------ RECORDS SHOWN ------

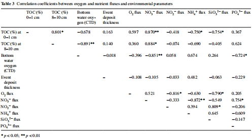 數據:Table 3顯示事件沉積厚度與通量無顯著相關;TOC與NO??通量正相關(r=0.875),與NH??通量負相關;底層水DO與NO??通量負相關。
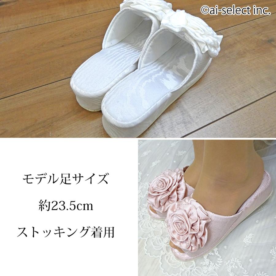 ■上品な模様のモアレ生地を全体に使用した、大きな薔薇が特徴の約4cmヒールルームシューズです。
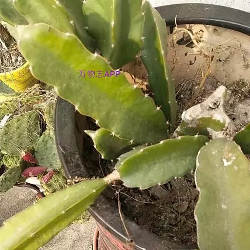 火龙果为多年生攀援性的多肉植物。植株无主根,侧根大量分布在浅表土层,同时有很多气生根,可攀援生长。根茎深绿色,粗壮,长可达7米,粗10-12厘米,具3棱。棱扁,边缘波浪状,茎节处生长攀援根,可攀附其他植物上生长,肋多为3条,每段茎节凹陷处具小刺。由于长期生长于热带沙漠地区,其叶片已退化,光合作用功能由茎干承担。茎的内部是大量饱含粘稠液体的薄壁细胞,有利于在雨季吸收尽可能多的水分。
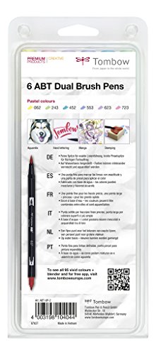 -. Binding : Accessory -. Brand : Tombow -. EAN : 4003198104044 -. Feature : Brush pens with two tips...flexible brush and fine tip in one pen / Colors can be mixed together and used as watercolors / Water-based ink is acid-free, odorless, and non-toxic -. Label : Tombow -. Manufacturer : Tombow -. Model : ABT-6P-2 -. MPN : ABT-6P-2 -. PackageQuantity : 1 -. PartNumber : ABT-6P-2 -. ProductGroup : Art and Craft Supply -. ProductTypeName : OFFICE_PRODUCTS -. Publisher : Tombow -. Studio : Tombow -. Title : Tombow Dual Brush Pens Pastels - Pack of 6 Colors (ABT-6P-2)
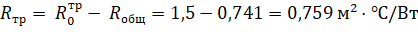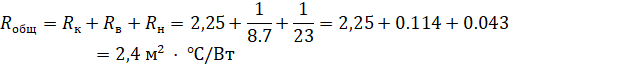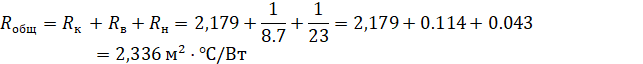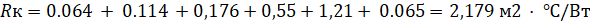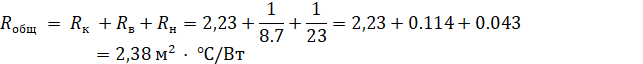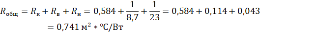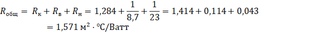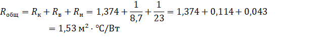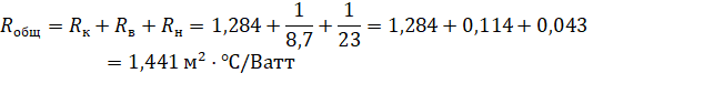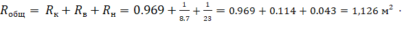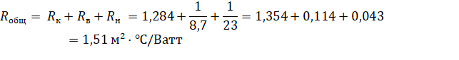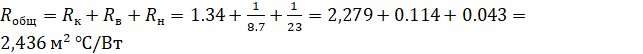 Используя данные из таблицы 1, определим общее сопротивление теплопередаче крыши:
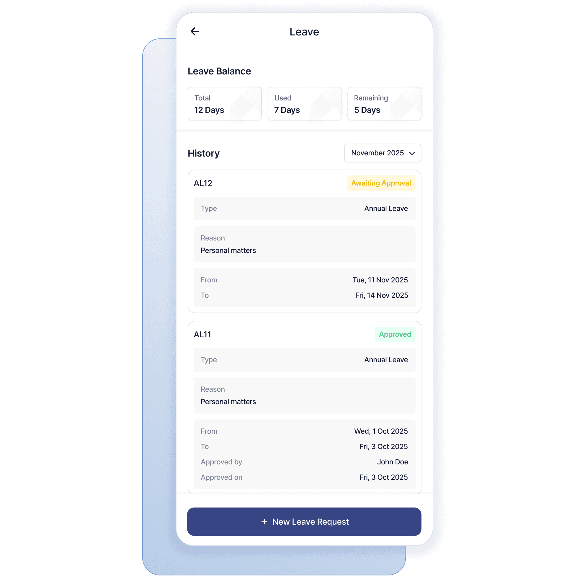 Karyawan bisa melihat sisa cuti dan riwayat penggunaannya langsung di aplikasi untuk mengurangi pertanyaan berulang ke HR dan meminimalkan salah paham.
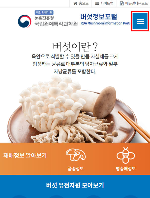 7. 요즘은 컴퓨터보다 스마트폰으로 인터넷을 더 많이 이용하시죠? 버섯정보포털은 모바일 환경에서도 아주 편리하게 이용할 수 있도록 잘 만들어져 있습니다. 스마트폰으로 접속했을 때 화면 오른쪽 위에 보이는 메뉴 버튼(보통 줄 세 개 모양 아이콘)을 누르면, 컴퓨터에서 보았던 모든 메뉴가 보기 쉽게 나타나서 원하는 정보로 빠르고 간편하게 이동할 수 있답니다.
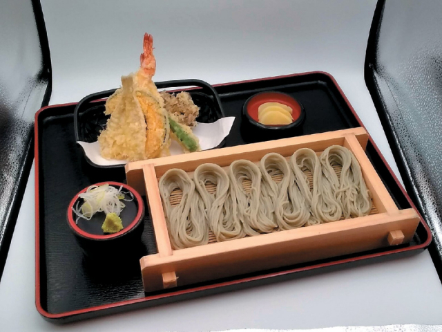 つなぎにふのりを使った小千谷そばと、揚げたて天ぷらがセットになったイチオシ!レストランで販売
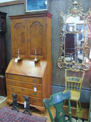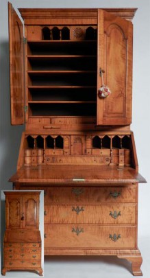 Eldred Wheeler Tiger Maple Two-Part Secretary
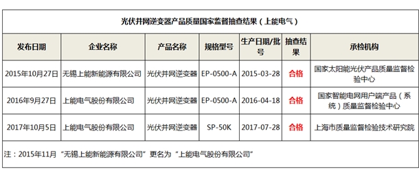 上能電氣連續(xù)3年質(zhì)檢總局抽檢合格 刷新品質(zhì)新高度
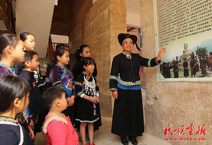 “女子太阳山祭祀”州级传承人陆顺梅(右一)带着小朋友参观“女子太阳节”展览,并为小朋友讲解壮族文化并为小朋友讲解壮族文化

------

**PROBLEM TO WORK ON**:
Begin with the first line of the records and repeat every line up to the one with "火龙果为多年生攀援性的多肉植", counting that line too. Pictures are not part of the copy.

**EXERCISE RESPONSE**:
 數據:Table 3顯示事件沉積厚度與通量無顯著相關;TOC與NO??通量正相關(r=0.875),與NH??通量負相關;底層水DO與NO??通量負相關。
 ■上品な模様のモアレ生地を全体に使用した、大きな薔薇が特徴の約4cmヒールルームシューズです。
 火龙果为多年生攀援性的多肉植物。植株无主根,侧根大量分布在浅表土层,同时有很多气生根,可攀援生长。根茎深绿色,粗壮,长可达7米,粗10-12厘米,具3棱。棱扁,边缘波浪状,茎节处生长攀援根,可攀附其他植物上生长,肋多为3条,每段茎节凹陷处具小刺。由于长期生长于热带沙漠地区,其叶片已退化,光合作用功能由茎干承担。茎的内部是大量饱含粘稠液体的薄壁细胞,有利于在雨季吸收尽可能多的水分。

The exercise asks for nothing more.